O auxílio-doença tem caráter transitório, precário, mantido enquanto persistir a incapacidade para o trabalho ou atividade habitual, tanto é assim que o segurado, independentemente de idade e sob pena de suspensão do benefício, está obrigado a submeter-se a exame médico a cargo da previdência social a fim de se verificar a permanência do fator incapacitante, além da submissão a processo de reabilitação.
Assim, o restabelecimento do segurado; a conversão em aposentadoria por invalidez, quando se averiguar a irrecuperabilidade do estado incapacitante; habilitação para o desempenho de outra atividade que lhe garanta a subsistência, após processo de reabilitação profissional e a conversão em aposentadoria por idade, desde que requerida pelo segurado e observada a carência exigida, são as formas mais comuns de extinção do auxílio-doença.
Do exposto conclui-se que, se a incapacidade persiste por longo período, não havendo nenhuma indicação de que será possível recuperar ou reabilitar o segurado, se a moléstia apresenta quadro evolutivo, a prestação deverá ser convertida em aposentadoria por invalidez.
De outra sorte, se possível a reabilitação do segurado para o exercício de outra atividade profissional, o benefício não poderá cessar até que se verifique esta reabilitação.
Evidencia-se, outrossim, que o segurado deverá participar, obrigatoriamente, dos programas de reabilitação profissional, sob pena de a administração ficar autorizada a suspender o benefício por incapacidade, não podendo, entretanto cancelá-lo, haja vista que, retornando o segurado, ainda incapaz, para cumprir o tratamento prescrito, gera o direito ao restabelecimento da prestação previdenciária.
Posta essa premissa, passo à análise de cada um dos requisitos necessários ao deferimento do pleito com base na legislação que rege a matéria (CF, art. 201, inciso I; Lei n. 8.213/91 e artigos competentes).

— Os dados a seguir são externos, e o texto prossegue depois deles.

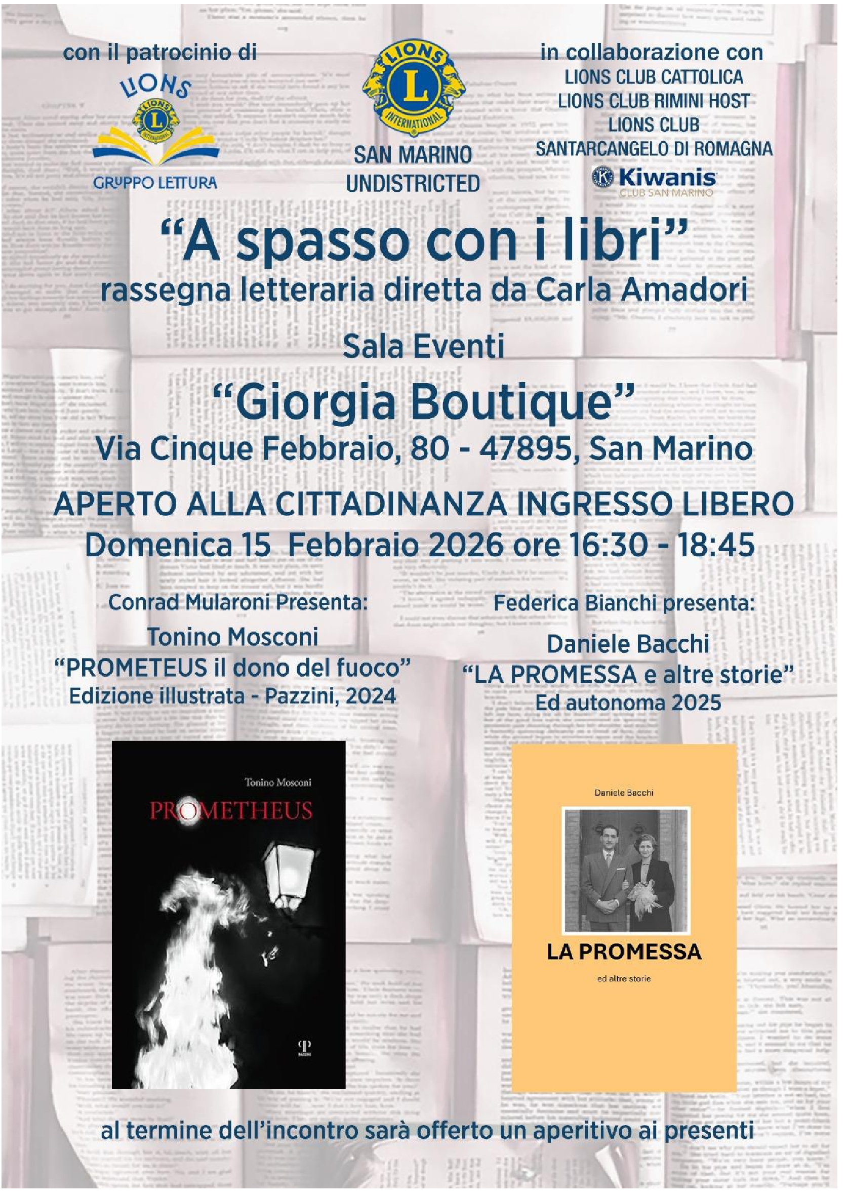 Il Lions Club San Marino Undistricted, in collaborazione con i Lions Club Cattolica, Rimini Host, Santarcangelo di Romagna, il Kiwanis Club San Marino e con il patrocinio del Lions Gruppo Lettura, organizza l’edizione 2026 di “A spasso con i libri” rassegna letteraria diretta da Carla Amadori.

São três os elementos necessários para a obtenção da aposentadoria por invalidez ou do auxílio-doença pelo trabalhador rural: (a) início de prova material da atividade rural; (b) comprovação do exercício da atividade campesina nos 12 (doze) meses antecedentes ao requerimento administrativo e (c) incapacidade laborativa permanente para aposentadoria e temporária para o auxílio-doença.
O primeiro e o segundo requisitos, quais sejam, o início da prova material da atividade rural e o exercício da atividade campesina nos 12 (doze) meses antecedentes ao requerimento administrativo (07/03/2019), estão suficientemente comprovados pela cópia da Carteira do Sindicato dos Trabalhadores Rurais de Mirador/MA em ID 20801767 – p.4 em nome da autora com filiação em 08/08/1994.
Por tal razão, entendo como comprovado o início da prova material da qualidade de trabalhador rural com o início das atividades ao menos desde 08/08/1994.
Sendo assim, os requisitos do início da prova material e do exercício da atividade campesina nos 12 (doze) meses antecedentes ao requerimento administrativo restam comprovados.
Além disso, os esclarecimentos fáticos prestados pela testemunha Antonio José Gomes Ferreira e pelo depoimento da parte autora (ID 49076574), corroborados pelos demais documentos juntados na inicial, evidenciam o exercício do labor agrícola pela parte requerente ao menos desde 08/08/1994.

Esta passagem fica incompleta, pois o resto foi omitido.